However, the notion that the military would actually be comfortable with Khan as its man in Islamabad is questionable. Indeed, given considerations of personality and policy positions, there's reason to doubt that Khan is the military's blue-eyed boy.
Imran has an (false) image of being a liberal . The military is comfortable with that , at least IMO !
The army prefers a predictable and pliable civilian leader. Khan, however, is known for being mercurial and stubborn. Even some of Khan's positive traits - like his charisma and supreme self-confidence - could be liabilities for the military, because these qualities suggest he would be unwilling to defer to higher authority. Cult of personality types aren't known for being submissive. At least for now, both are happy with each other !
Ironically, a potentially more palatable prime minister choice for the military hails from the very party that the armed forces may be trying to undercut. Shehbaz Sharif, the brother of Nawaz, would be the PML-N's candidate for premier if it wins the election. The Army does not want the Sharif family in power !
While lacking his brother's charisma, he has a solid reputation as a capable and steady politician, and he gets along well with the military. Strikingly, in a recent interview with the Financial Times, Shehbaz Sharif called for the PML-N and the military to improve their ties. If the military truly has a favourite son, Shehbaz Sharif may have a better claim to the title than does Imran Khan.
If Shahbaz in power, the Army will not be "comfortable" in dealing with Nawaz ! They want to make an "example" of Nawaz for defying the fauj !
In a fractious coalition, even a strong-willed and determined leader like Khan may struggle to carve out policy space and act independently. In fact, there's a fair chance that if Pakistan's next government is a coalition, Khan would not serve in it.
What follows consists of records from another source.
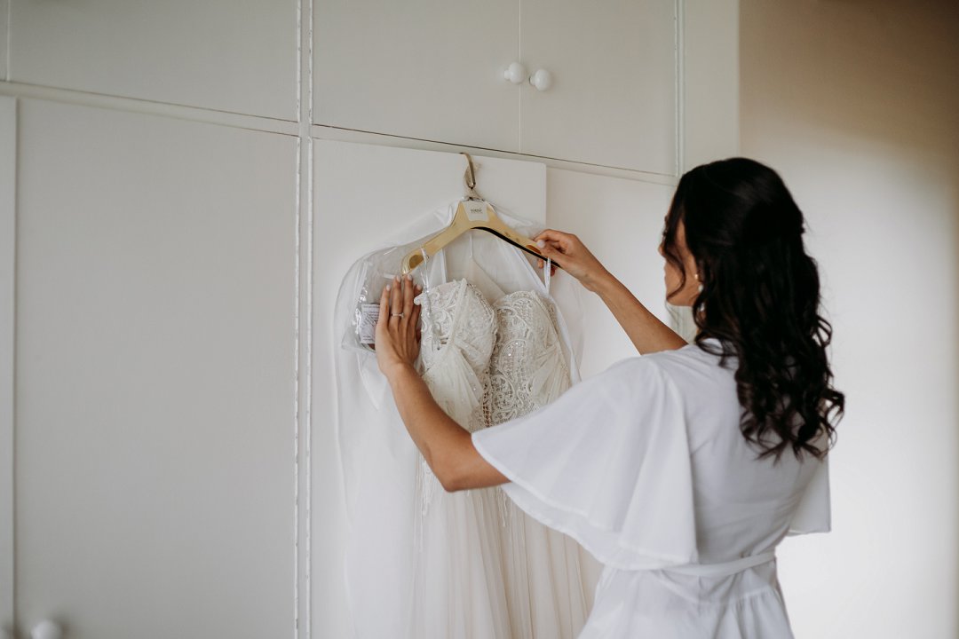 Ek het nie ʼn spesifieke styl vir my trourok in gedagte gehad nie. Al wat ek geweet het was dat ek wou hê dit moet gepas wees vir die omgewing en my mooi laat voel. Ek het die trourok van my drome by Vonvé Bridal gevind met die hulp van my ma en suster. Ons het so ʼn prettige dag gehad om verskillende rok-style te probeer en vonkelwyn te drink en ek het dadelik verlief geraak op die gedetailleerde hand borduurwerk en die spierwit/melkerige kleur van die Lora-rok, van Wona Concepts. Ek het dié trourok bietjie aan gepas deur die skouer moue by te voeg, wat ek later die aand kon afhaal.
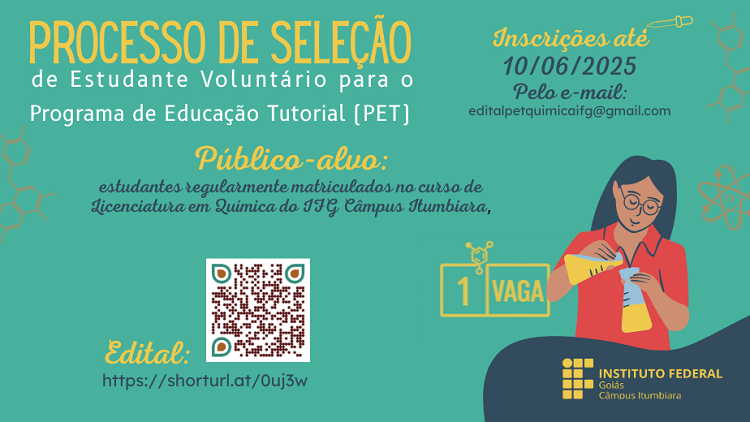 A Pró-Reitoria de Ensino (Proen), do Instituto Federal de Goiás (IFG), publicou o edital nº17/2025 para seleção de um (01) Estudante Voluntário para o Programa de Educação Tutorial do curso de Licenciatura em Química (PET Química). As inscrições serão realizadas até o dia 10 de junho, exclusivamente pela internet; e a vaga é para graduandos da Licenciatura do Câmpus Itumbiara.
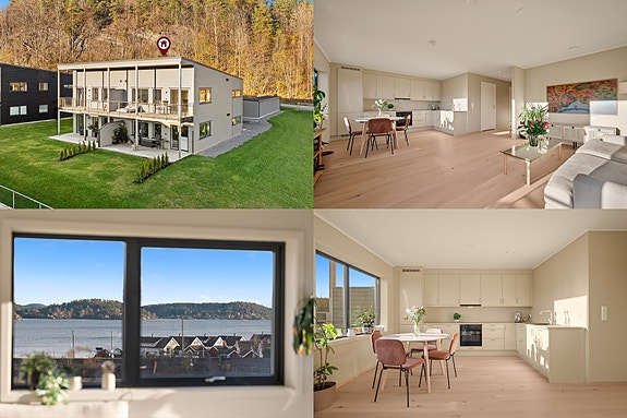 Delikat leilighet fra 2024 på Lundejordet med flott sjøutsikt, sentral beliggenhet og meget god boligstandard. 2 sov.

In an interview with BBC Urdu this month, Khan declared that the PTI would not partner with the PML-N or the Pakistan People's Party in a coalition.
He is well known for making U Turns , so if he changes his mind after elections, no one should be surprised!
With the July 25 election promising to be a closely contested affair and likely to result in a hung parliament - whereby no one party gains an absolute majority, necessitating the crafting of a coalition - the military may well get what it wants. As it so often does in a nation where it has always cast such a long shadow.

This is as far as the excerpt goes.